Studio album by Merle Haggard and the Strangers
- Released: February 1974
- Recorded: April, November 1971, September 1972, January, July 1973
- Studio: Columbia (Nashville, Tennessee)
- Genre: Country
- Length: 30:13
- Label: Capitol
- Producer: Ken Nelson, Fuzzy Owen

Merle Haggard and the Strangers chronology
| It's Not Love (But It's Not Bad) (1973) | If We Make It Through December (1974) | Merle Haggard Presents His 30th Album (1974) |

Singles from If We Make It Through December
- "If We Make It Through December" Released: October 27, 1973;

= If We Make It Through December (album) =

If We Make It Through December is the sixteenth studio album by American country music singer Merle Haggard and the Strangers, released in 1974. It reached number 4 on the Billboard country album charts. The title track was previously released on Haggard's Christmas release of 1973, A Christmas Present. The single spent four weeks at No. 1 on the Billboard magazine Hot Country Singles chart in December 1973 and January 1974, and cracked the Top 30 of the Billboard Hot 100. "If We Make It Through December" was the No. 2 song of the year on Billboard's Hot Country Singles 1974 year-end chart.

==History==
Haggard's 1973 Christmas single "If We Make It Through December" proved to be so popular that it became the title track for this February 1974 release. The song explores the feelings of an unemployed father struggling to make ends meet and provide a happy Christmas for his daughter. As Daniel Cooper observes in the liner notes to the 1994 Haggard box set Down Every Road, "That it's one of the most heartbreaking Christmas songs ever recorded didn't matter to people who prefer honestly rendered pain to false merriment." In his book Merle Haggard: The Running Kind, David Cantwell notes that "If We Make It Through December" is a Christmas song, but "it feels like an anti-Christmas song. The character he plays isn't just feeling blue this holiday season like we've seen in hundreds of other Christmas numbers. He hates Christmas, hates the whole idea of it, at least this year." The song reached number one on the country singles chart and crossed over to number 28 on the pop charts, becoming Haggard's biggest hit.

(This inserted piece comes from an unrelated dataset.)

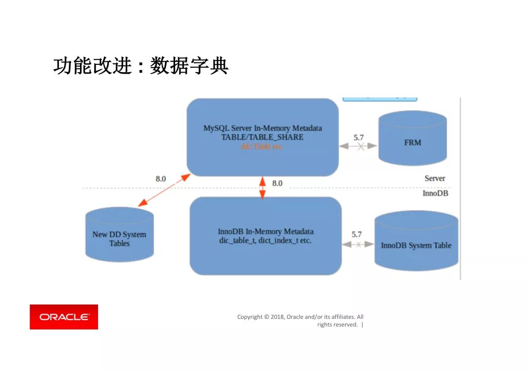 第一部分,功能的改进,功能改进第一个最大的改动,在8.0里面,我们在InnoDB把数据字典进行重构,大家应该知道数据字典是什么,就是表结构,你的用户定义,所有的跟DDL相关放到数据字典里面去。
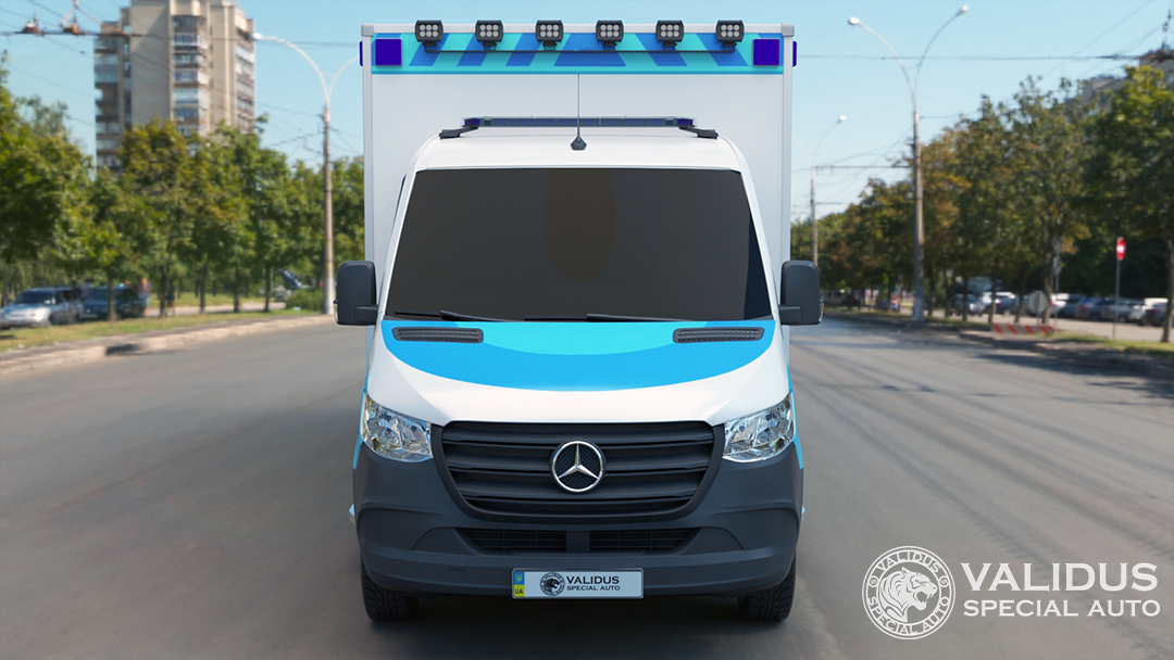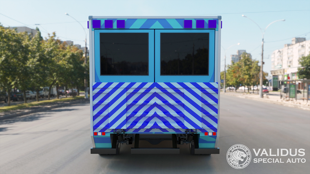 The panels and the roof of the van are made of 50mm-thick sandwich panels. The outer covering of the panels is plastic, 2 mm thick. The inner covering of the panels is also plastic, 1-1.5 mm thick. Insulator – extruded foam polystyrene, type PPSB-S-35, 40 mm thick. The panels are connected to the frame elements using special structures and adhesives. All external seams of the body are treated with a special sealant. All outer corners are edged with aluminum corners. Additionally, all hidden cavities at the bottom of the body are treated with protective mastics and pastes. Door fittings of the body (hinges, doors, locks and latches) are industrially manufactured from stainless steel. The equipment is conveniently placed on the shelves, has its own place and can be easily accessed. Tables, cabinets, work surfaces fixed on the walls and floor for carrying out work and placing the necessary equipment are made of stainless steel. All cabinets with doors, shelves with doors and drawers are equipped with latches (locks) protecting from spontaneous opening, both in the moving and in the static position of the vehicle. All sharp objects, as well as stationary installed equipment, have technological protection while the vehicle is moving. The operating table is conveniently located for conduction surgeries. Stationary equipment, equipment and locks for doors, dampers are protected from accidental opening. The positioning and attachment points of the equipment provide reliable fixation for convenience and safety during removal and installation. Hot and cold water supply system with sink, fresh cold water tank and waste water tank are also included. Hot water supply is provided by a boiler with a 15-liter water tank.

Although Haggard had been writing the majority of the songs on his LPs for years, outside contributions dominate this album. As he later recalled in his 1981 autobiography Sing Me Back Home, Haggard and wife Bonnie Owens were splitting up at the time.

==Critical reception==

‘‘If We Make It Through December’’ was generally well received by critics. In a review published in the Houston Post’’, Bob Claypool wrote that Merle Haggard “has done it again,” adding that the album was “one of the finest country LPs to appear so far this year.”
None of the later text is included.